Research progress of SUMOylation modification in DNA double-strand break repair
10.3760/cma.j.issn.1673-4181.2019.02.012
- VernacularTitle:SUMO化修饰在DNA双链断裂修复中的研究进展
- Author:
Mengmeng YANG
1
;
Yan WANG
;
Liqing DU
;
Qiang LIU
;
Kaihua JI
;
Chang XU
Author Information
1. 中国医学科学院 北京协和医学院放射医学研究所
- Keywords:
DNA damage;
DNA repair;
SUMOylation;
DNA double-strand breaks;
Non-homologous end joining;
Homologous recombination
- From:
International Journal of Biomedical Engineering
2019;42(2):154-160
- CountryChina
- Language:Chinese
-
Abstract:
The small ubiquitin-like modified protein (SUMO) is a protein structurally similar to ubiquitin which is involved in post-translational modification of proteins.

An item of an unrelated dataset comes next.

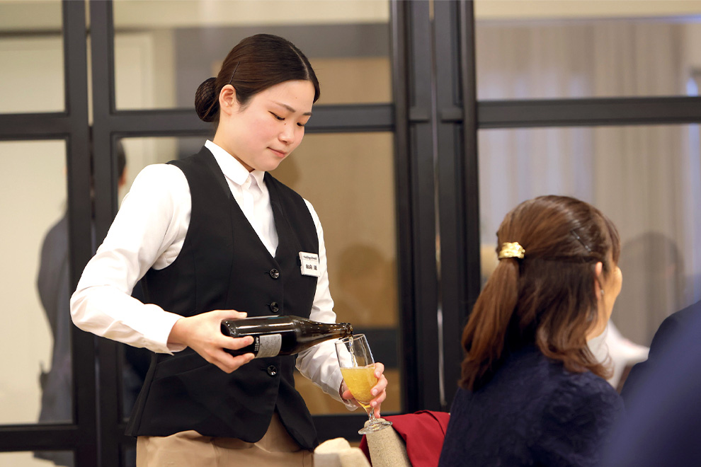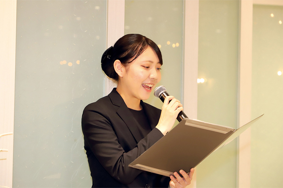 2年間の集大成!リビエラ東京を舞台に、星空をテーマにしたウェディングを提案。大切にしたの は言葉遣い、礼儀、姿勢、笑顔といった基本と、チームワークや情報共有。お客様の目線に立った行動を心掛けました。

SUMOylation refers to the process that SUMO molecule covalently binding to the specific lysine site of target proteins through maturation, activation, binding and ligation by ubiquitin-like specific protease 1 (Ulp1), E1 activating enzyme, E2 binding enzyme, and E3 ligase. SUMOylation alters the activity of target proteins, which is involved in the regulation of various cellular functions such as transcriptional regulation, regulation of embryonic development, cellular stress, maintenance of chromatin structure and genomic stability. In recent years, it has been found that SUMOylation modification is also widely involved in DNA damage repair, especially DNA double-strand breaks (DSBs), which are the most serious types of DNA damage. SUMOylation is involved in almost all processes of DSBs repair, so its role in DNA damage repair has become a research hotspot. In this paper, the research progress of the regulation of SUMOylation in DSBs repair was reviewed.